SLF4J: Found binding in 
    [jar:file:/opt/data-integration/launcher/../lib/slf4j-log4j12-1.7.5.jar!\
                                                /org/slf4j/impl/StaticLoggerBinder.class]
SLF4J: Found binding in [jar:file:/opt/data-integration/plugins/pentaho-big-data-plugin/\
                        lib/slf4j-log4j12-1.7.3.jar!/org/slf4j/impl/StaticLoggerBinder.class]
SLF4J: See http://www.slf4j.org/codes.html# multiple_bindings for an explanation.
SLF4J: Actual binding is of type [org.slf4j.impl.Log4jLoggerFactory]
2015/09/16 11:26:40 - load_hdfs - Finished job entry [Copy Files] (result=[true])
2015/09/16 11:26:40 - load_hdfs - Job execution finished
2015/09/16 11:26:40 - Kitchen - Finished!
2015/09/16 11:26:40 - Kitchen - Start=2015/09/16 11:26:37.578, Stop=2015/09/16 11:26:40.932
2015/09/16 11:26:40 - Kitchen - Processing ended after 3 seconds.

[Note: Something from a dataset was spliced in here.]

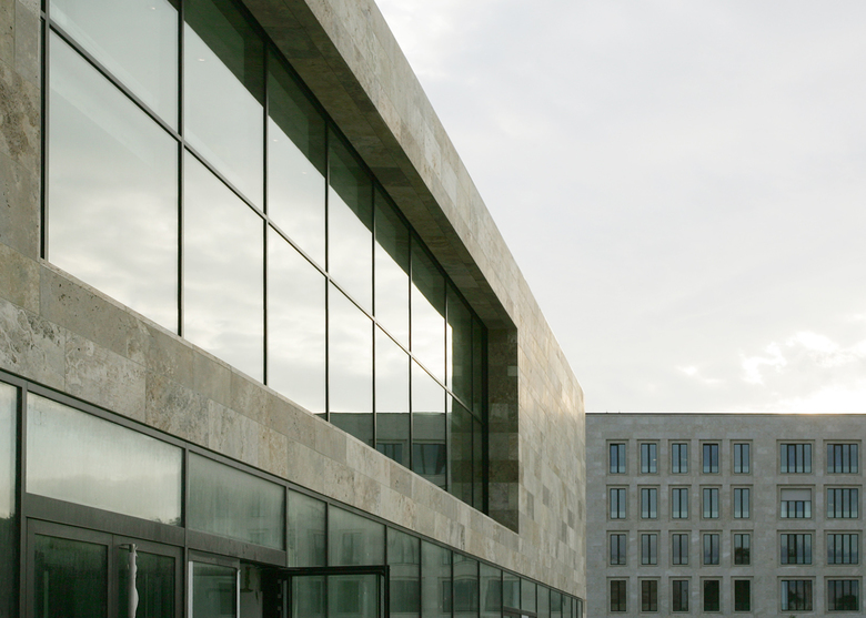 Der Anbau an das Casino ist die Schnittstelle zwischen Alt- und Neubauten. Er orientiert sich zum neuen Platz wie auch zu dem denkmalgeschützten südlichen Park. Flexibel unterteilbare Säle und ein großzügiges Foyer sind für den Mensabetrieb wie auch für Veranstaltungen gleichermaßen geeignet.

Job completed successfully, now lets check the hadoop location.

[hadoop-user@pentaho-server pentaho_test]$ hadoop fs -ls  /user/hadoop-user/weblogs/raw
Found 1 items
-rw-r--r--   3 hadoop-user hadoop-user   77908174 2015-09-16 11:26 \
                                            /user/hadoop-user/weblogs/raw/weblogs_rebuild.txt
[hadoop-user@pentaho-server pentaho_test]$ ls -l

Looks like we have the file copied to HDFS. So we are good.